Several clinical trials have evaluated the use of angiotensin II receptor antagonists as add-on therapy to conventional regimens including an ACE inhibitor, as add-on therapy to conventional regimens compared with an ACE inhibitor, as combination therapy with an ACE inhibitor compared with therapy with either type of agent alone, or as an alternative therapy in patients intolerant of ACE inhibitors. Data from these and other long-term placebo-controlled clinical trials indicate that angiotensin II receptor antagonists produce hemodynamic and neurohormonal effects associated with their suppression of the renin-angiotensin system; reduced hospitalizations and mortality also have been demonstrated. However, in some studies, these drugs did not show consistent effects on cardiac symptoms or exercise tolerance.

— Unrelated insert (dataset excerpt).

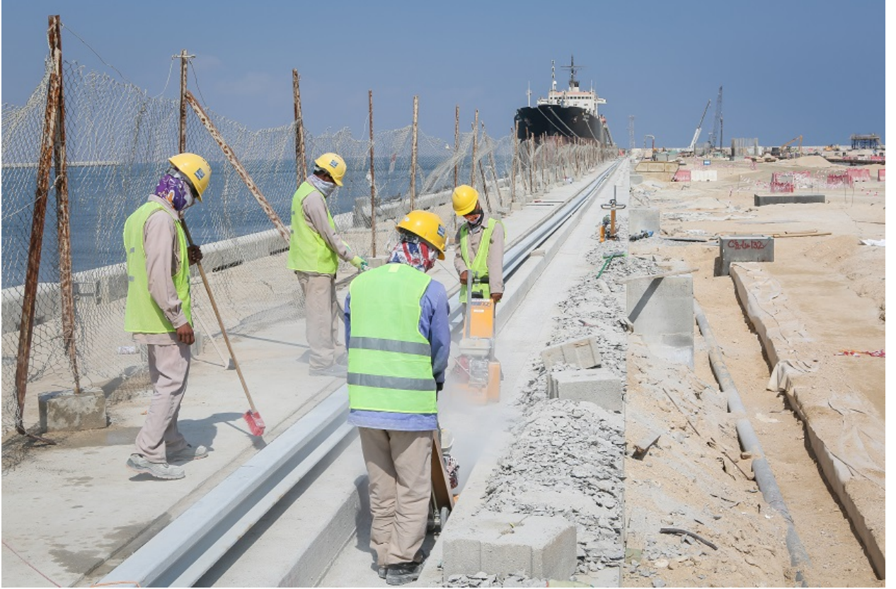
مجموعة من العمال الأجانب يؤدون عملهم في ميناء الدقم، عمان.

شكّلت اتفاقية "الوصول إلى المنشآت العسكرية" الموقعة في العام 1980 نقطة تحول في علاقة البلدين ، إذ باتت القواعد والمطارات العُمانية مثل مصيرة وثمريت ومسقط تحت تصرّف القوات الأمريكية وفق ترتيبات مسبقة، في إطار دعم عمليات الانتشار الأميركي في الشرق الأوسط، سواء في أفغانستان أو الخليج.

In one comparative study (Evaluation of Losartan in the Elderly [ELITE]) in geriatric patients 65 years of age and older who received losartan (up to 50 mg daily) or captopril (up to 150 mg daily) in addition to conventional therapy for 48 weeks, patients receiving losartan had a 46% lower risk of death and also experienced a lower incidence of adverse effects than those receiving captopril. However, after interim analysis of data, the difference in survival was no longer significant and no difference in morbidity and mortality or frequency in hospitalizations for heart failure was found between the 2 therapies. Results of a follow-up study (ELITE II), failed to confirm a survival benefit for losartan therapy compared with captopril. In this study, losartan did not provide a statistically significant difference in reduction of overall death, sudden cardiac death, and/or resuscitated cardiac arrest compared with captopril, although ELITE II was not designed to demonstrate equivalence between the 2 therapies. For additional details on the use of angiotensin II receptor antagonists in the management of heart failure,
While angiotensin II receptor antagonists are considered reasonable alternatives in patients who are unable to tolerate ACE inhibitors (e.g., because of cough or angioedema), angioedema, including swelling of the larynx and glottis (causing airway obstruction) and/or swelling of the face, lips, pharynx, and/or tongue, has been reported rarely during postmarketing experience in patients receiving losartan. The manufacturer states that some of these patients had a history of angioedema associated with other drugs (e.g., ACE inhibitors).
(See Sensitivity Reactions under Cautions: Warnings/Precautions.)